Le scandale Facebook-Cambridge Analytica met en lumière l’exploitation des données personnelles à des fins électorales... et pas seulement aux États-Unis et au Royaume-Uni.
"Nous trouvons vos électeurs et nous les faisons passer à l’action". Sur son site Internet, le cabinet londonien Cambridge Analytica (CA) annonce la couleur. Mi-mars, un lanceur d'alerte a révélé que les données de millions d'utilisateurs de Facebook avaient été détournées par CA à des fins politiques. Et ce sont environ 87 millions d'abonnés du réseau social qui sont concernés - et non 50 millions comme initialement estimés, a annoncé Facebook mercredi 4 avril, donnant une nouvelle ampleur au scandale. Ces données personnelles, CA les a utilisées lors de la campagne présidentielle américaine de 2016 et du référendum sur le Brexit la même année, mais aussi dans d’autres campagnes électorales à travers le monde. Selon le média économique anglophone Quartz, ce sont ainsi plus de 100 campagnes électorales dans 30 pays sur cinq continents qui sont touchés.
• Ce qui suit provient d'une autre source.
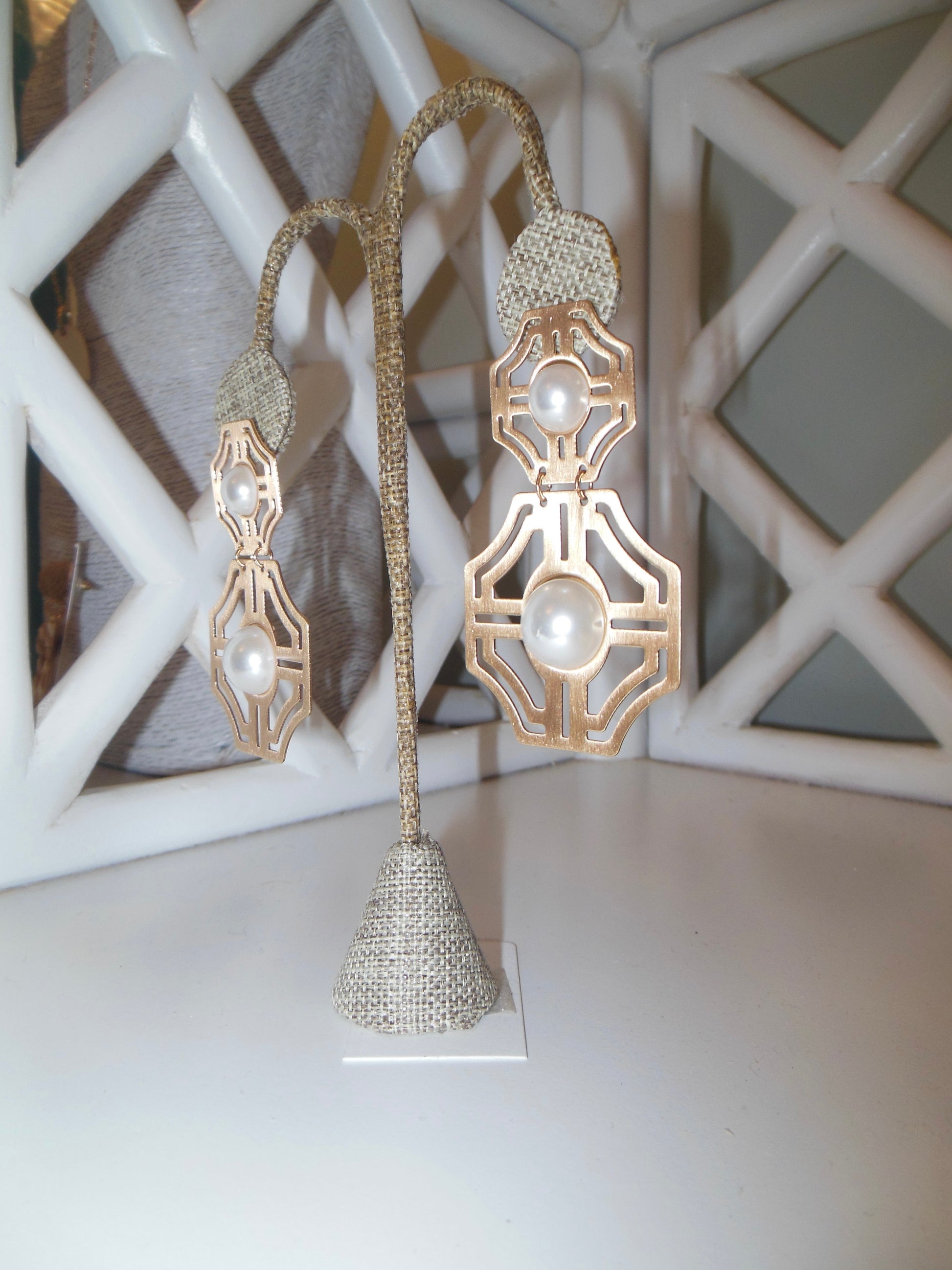 Make a bold statement with these stunning gold-tone octagon drop earrings, featuring luminous pearl accents at the center. The intricate openwork design adds a modern, architectural touch while the pearls bring timeless elegance. Perfect for elevating both casual and formal looks, these earrings are a must-have accessory for any fashion-forward wardrobe.

Voici plusieurs exemples.
- Inde
Avec 241 millions d’abonnés à Facebook, l’Inde constitue la plus grande base d’utilisateurs du réseau social au monde. Or les deux grands partis politique du pays - le parti du Congrès et le BJP, le parti nationaliste hindou du Premier ministre Narendra Modi - s’accusent mutuellement d’avoir eu recours à Ovleno Business Intelligence, une société indienne partenaire de Cambridge Analytica, pour être aidés lors de plusieurs élections ces dernières années. Sur son profil LinkedIn, Himanshu Sharma, le directeur d’Ovleno se vantait, jusqu’à ce que le scandale éclate, d’avoir géré "avec succès" les campagnes électorales du BJP. Fanfaronnade ou réalité ? Selon The Economic Times, le principal quotidien économique indien, la commission électorale a en tout cas ouvert une enquête sur l’éventuelle intervention de Cambridge Analytica dans les scrutins de ces dernières années.
- Kenya
Les récentes révélations sur Cambridge Analytica ont aussi touché le continent africain. Cambridge Analytica, ou sa maison-mère SCL Group, ont ainsi travaillé en 2013 et 2017 sur la campagne du président kényan Uhuru Kenyatta. Le Jubilee, le parti au pouvoir, a reconnu auprès de l’agence Reuters avoir eu recours à SCL pour "promouvoir" la campagne présidentielle de 2017. Selon l'ONG britannique Privacy International, Cambridge Analytica collectait pour le parti Jubilee des datas dont la nature n’est pas précisée.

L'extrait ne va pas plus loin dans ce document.